Throughout childhood, I would consider ESPN one of my life-defining brands.
Up until high school, I watched SportsCenter in the morning with breakfast, and, assuming I didn’t have practice, regularly watched Pardon the Interruption and Around the Horn after school.
My first dream job was to be a SportsCenter anchor. I clearly wasn’t alone. ESPN made a reality show, literally called Dream Job, where the winner actually became a SportsCenter anchor.
ESPN has flirted with direct subscriptions for years, but it’s always been an afterthought to their cable business. A recent announcement suggests that might be changing...
Starting this week, all articles on the ESPN website that are focused on insight and analysis will be gated behind the ESPN+ paywall. This includes pieces from ESPN’s most popular voices - top talent like Zach Lowe, Rachel Nichols, and Matthew Berry.
Notably, breaking news and investigative pieces will remain available for free on ESPN’s website. This makes sense, since breaking news is available for free on Twitter, a better forum for it anyway, and investigative pieces should have the widest distribution possible.
Beyond that, ESPN is taking a hard line. If it’s not breaking news or hard-hitting investigative journalism, it’s going behind the ESPN+ paywall.
With the new push, ESPN is banking on their talent to drive subscription growth. This is a risky proposition that would have been even riskier if the paywall gated written content alone. Importantly, ESPN+ is more than sportswriting - it’s a sports bundle.
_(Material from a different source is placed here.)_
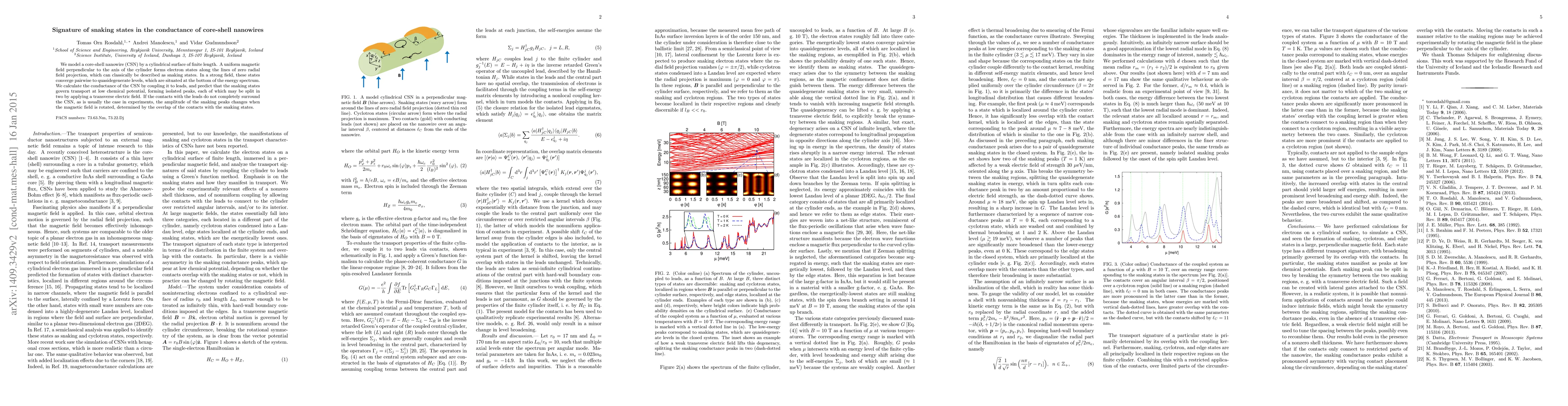 We model a core-shell nanowire (CSN) by a cylindrical surface of finite length. A uniform magnetic field perpendicular to the axis of the cylinder forms electron states along the lines of zero radial field projection, which can classically be described as snaking states. In a strong field, these states converge pairwise to quasidegenerate levels, which are situated at the bottom of the energy spectrum. We calculate the conductance of the CSN by coupling it to leads, and predict that the snaking states govern transport at low chemical potential, forming isolated peaks, each of which may be split in two by applying a transverse electric field. If the contacts with the leads do not completely surround the CSN, as is usually the case in experiments, the amplitude of the snaking peaks changes when the magnetic field is rotated, determined by the overlap of the contacts with the snaking states.

In light of this move, I’d like to unpack why it took so long for ESPN to commit to a direct-subscription product, how ESPN+ has performed so far, and what they can do to accelerate paid subscriptions in the future.
ESPN’s Subscription Tightrope
ESPN has a good reason for hesitating to move to a direct subscription model - they make a killing off indirect subscriptions, or in other words: cable.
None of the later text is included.